Life’s Greatest Secret

Matthew Cobb

Why I looked at this book

This has been shortlisted for the 2015 Royal Society Winton Prize for Science Books , but I had also noted it as a book to read. It looks like it deals with the wider view of the cracking of the genetic code, going beyond Watson and Crick's discovery the structure of DNA to look at how people's way of thinking about genetics changed during the middle of the 20th Century.

First impressions

After a short foreword, the book dives straight into the history of genetics, looking at why Mendel decide to start studying peas. Sometimes diving in like this leaves the reader a bit disoriented, but I think that in this case it will be OK. The second chapter gets on to the second thread of the book, that of the nature of information and how it applies to genetics. I'm looking forward to reading the rest of the book.

Note:Sample 1st chapter available here, but more of the book is available to read in the sample at Amazon

Main review

The first few chapters of the book alternate between the two threads, genetics and information theory. On the information side we find out about the work of Claude Shannon, Norbert Wiener and John von Neumann. This was the time when computers were coming into being, and people thought that the related theory of information would have applications throughout the sciences. One thing I'd have liked to see more discussion of in the book is people's thoughts on self reproducing systems - my understanding is that to start with it was seen as impossible to devise such a system.

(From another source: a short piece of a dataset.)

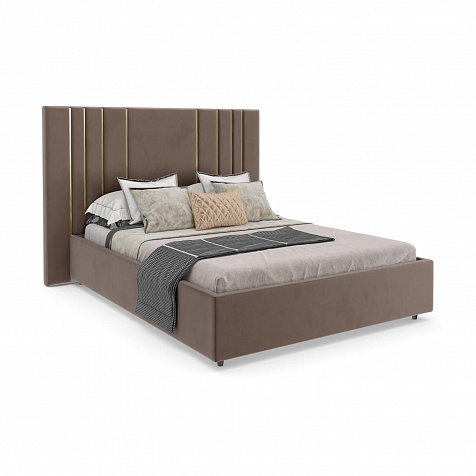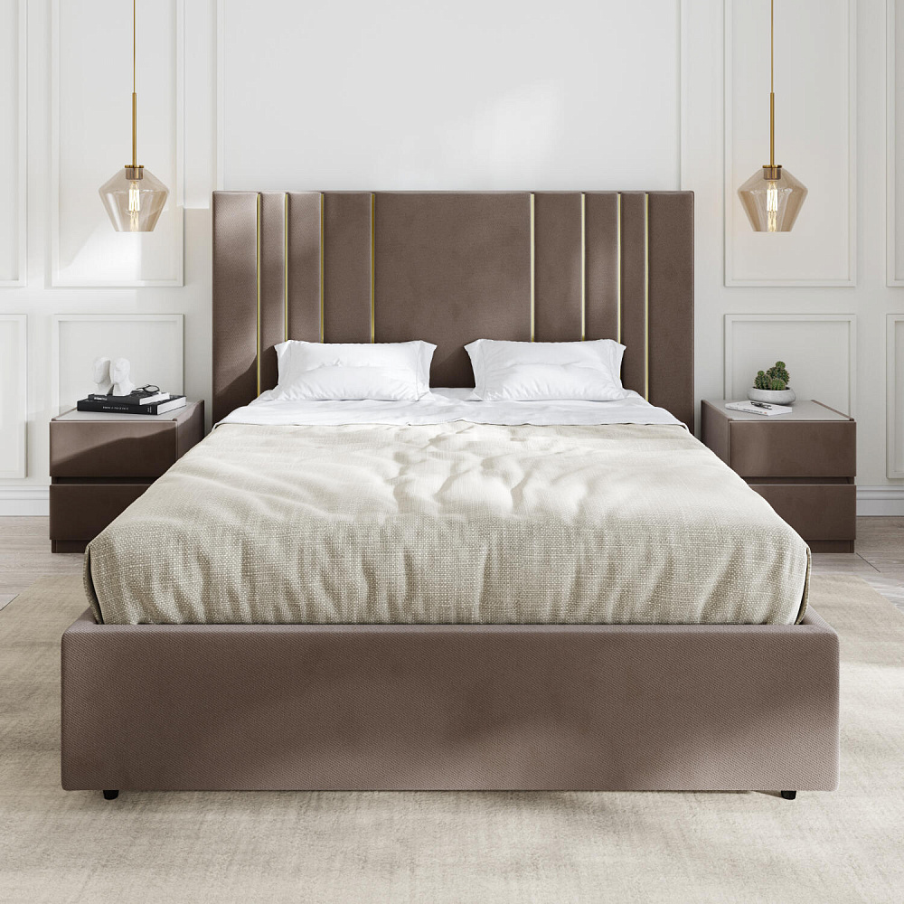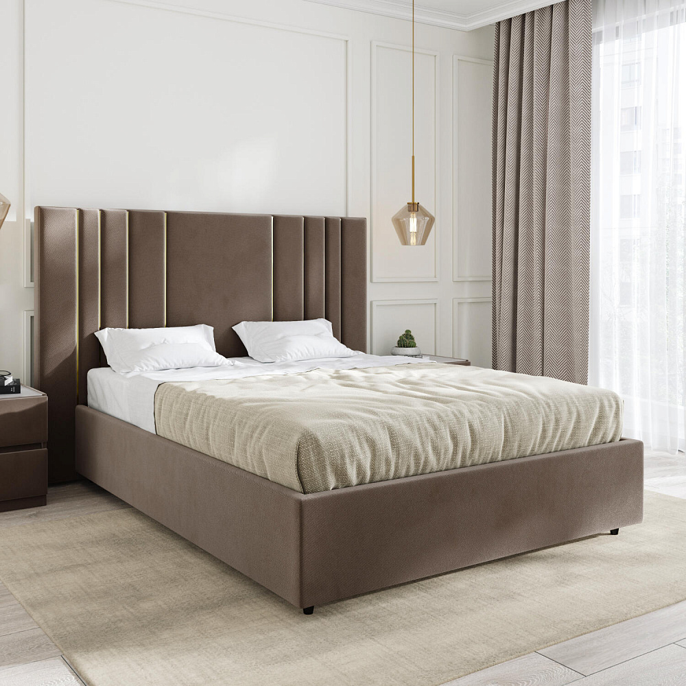 Мягкая кровать «Рания» создана для воплощения смелых интерьерных решений. Высокое изголовье декорировано узором из вертикальных металлизированных вставок, утопающих в изголовье. Под решёткой с подъёмным механизмом предусмотрен вместительный бельевой короб. Надежное основание и правильно подобранный матрас обеспечат необходимый уровень для здорового сна и отдыха.
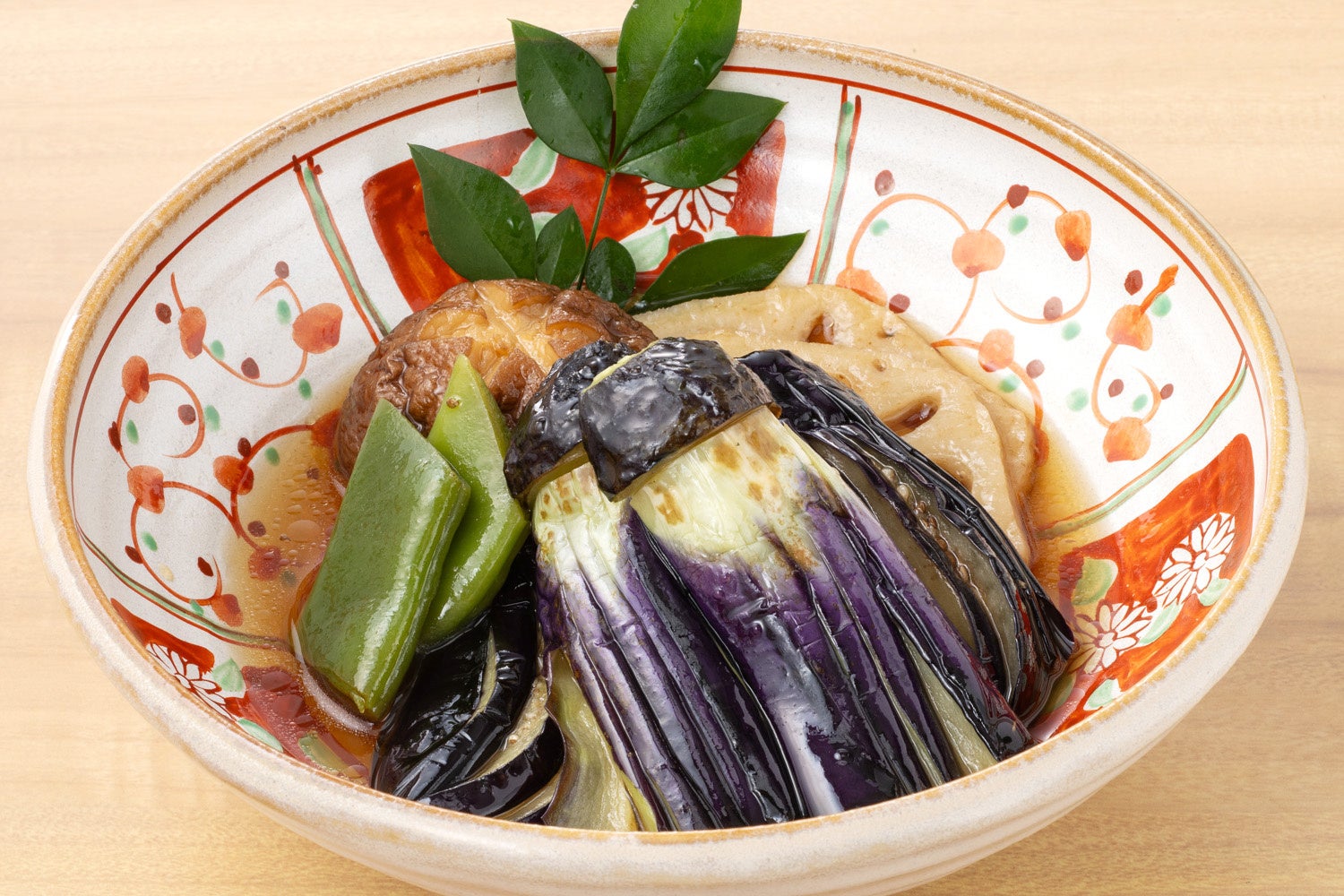 出汁をいかした秋野菜の料理も用意します。「蕪(かぶ)の風呂吹き(450円)」は、やわらかく炊いたカブに柚子味噌を添えた、やさしい味わい。「秋野菜の冷や浸し(550円)」は、ナス、レンコン、しいたけ、さやいんげん、それぞれの食感の違いが楽しめます。

On the genetics side we read about the great resistance to the idea that it was DNA, rather than proteins, which carried the genetic information. But eventually DNA was accepted and the race was on to decipher its structure, finally won, as everyone knows, by Watson and Crick. Incidentally, the discussion of the work of Rosalind Franklin increases my suspicion that the idea of some sort of feud between her and Watson and Crick was very much an invention after the fact.

The main theme of the book is the cracking of the genetic code - how the bases in DNA determine the amino acid chain in proteins. There was a belief that it ought to be possible to deduce much of this from theoretical considerations, but in the end it was up to the experimentalists, in particular Marshall Nirenberg, to work it out in the early 1960's. The last part of the book looks at what has happened in the field since that time, although I felt that it concentrated on recent work a bit too much. I'd have liked more on what happened in the years following the cracking of the code, in particular the work of Jacob and Monod.

So there are a few things I think that could have been added to the book, but no book can be exhaustive, so that isn't really a criticism. I feel that it is well worth reading, and (although I haven't read all of the contenders yet) so far it would be my choice as winner of the 2015 Winton prize.